The newest edition of Java sets the default security level for Java applets to “High,” so the user is always prompted before any unsigned Java applet is ran.
After the update was released, Adam Gowdiak, CEO of Polish firm Security Explorations had stated that it resulted in a number of vital security flaws unpatched.
“We have successfully confirmed that a complete Java security sandbox bypass can be still gained under the recent version of Java 7 Update 11 (JRE version 1.7.0_11-b21),” he stated, and added that although the MBeanInstantiator bug proved to be rather inspirational for him and his researchers, they decided to focus their causes on finding other flaws.
“As a result, two new security vulnerabilities (51 and 52) were spotted in a recent version of Java SE 7 code and they were reported to Oracle today (along with a working Proof of Concept code).”
The new zero-day vulnerability is already on the black market and apparently is in at least one attacker’s hands. “Code will be sold twice (it has been sold once already).
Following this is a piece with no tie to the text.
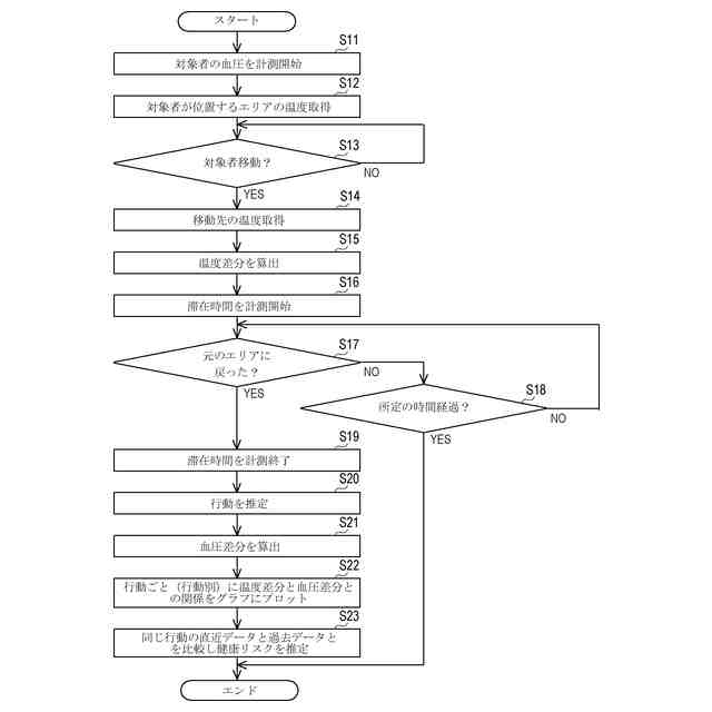 【解決手段】移動先のエリアにおける対象者の行動を推定可能(ステップS20)な行動推定部と、行動推定部によって推定される行動ごとに、移動先のエリアの第2の温度と移動前のエリアの第1の温度との差である温度差分と、対象者が移動先のエリアから移動前のエリアに帰ってきたときの第2の血圧値と対象者が移動前のエリアにいたときの第1の血圧値との差である血圧差分との関係を示す温度血圧データを取得する(ステップS15、S21、S22)温度血圧データ取得部と、第一の期間における温度血圧データである第一温度血圧データと、第一の期間よりも過去のものであって第一温度血圧データの行動と同様な行動の温度血圧データである第二温度血圧データとの比較結果に基づいて対象者の健康リスクを推定可能(ステップS23)な健康リスク推定部と、を具備する。
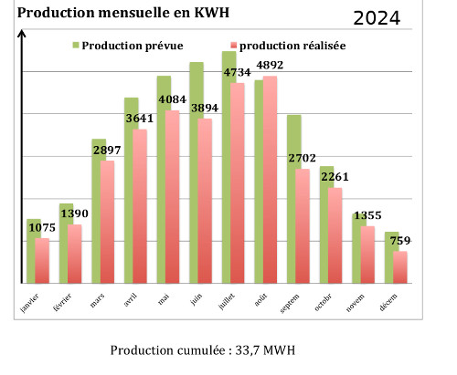 Production attendue en janvier 2025 : 890 Kwh - production réalisée : 1329 Kwh

It is not present in any known exploit pack including that very private version of [Blackhole] going for 10$k/month,” read the notice, referring to the Cool Exploit Kit that was created by the developers of the Blackhole crimeware kit, which rents for $10,000 per month. “I will be accepting counter-bids if you wish to outbid the competition.”
Once more, users should, for the moment, consider removing Java entirely from their computers or at least its plugins from the browsers they use.